The FAA launched its eVTOL Integration Pilot Program in March to run trials in eight locations, but the most optimistic projections for full certification place it in 2027 or 2028. Current regulations treat eVTOLs as helicopters, restricting them to existing helicopter routes and landing sites approved by the FAA. Los Angeles holds an advantage because 1970s building codes mandated helipads on tall buildings for fire safety, and the city launched its Urban Air Mobility Partnership in 2020. Companies like Joby, Archer and Beta Technologies are testing prototype models and raising billions of dollars to develop small multi-rotor electric vehicles with roughly 100-mile ranges.
Infrastructure challenges extend beyond regulatory approval.
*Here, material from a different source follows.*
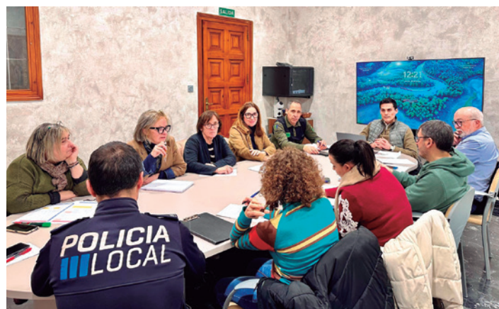
Diferentes departamentos están implicados en los preparativos.

San Francisco International Airport concluded in a recent study that its helipads sit too far from terminals and that charging infrastructure costs would serve too small a population. Most existing helipads are privately held and many do not fully comply with FAA design guidelines, while building new ones requires navigating fire regulations, zoning approvals and special permits. New York City banned rooftop helicopter service in 1977 after a fatal crash atop the Pan-Am Building killed five people, and the city has seen a surge in noise complaints from increased helicopter traffic in recent years.
Capacity and cost questions remain unresolved even as developers commit capital to landing infrastructure. Blade transported roughly 100,000 passengers last year across its New York City and South Europe routes, one-sixth the daily volume passing through Penn Station. The company currently charges $195 or more per person for helicopter flights from Manhattan helipads to airports or the Hamptons. Archer was named the official air taxi provider for the 2028 Los Angeles Olympics, contingent on FAA approval. Beta Technologies is pursuing cargo and emergency medical applications in rural areas before entering the passenger market, and has placed more than 50 eVTOL chargers at rural airports.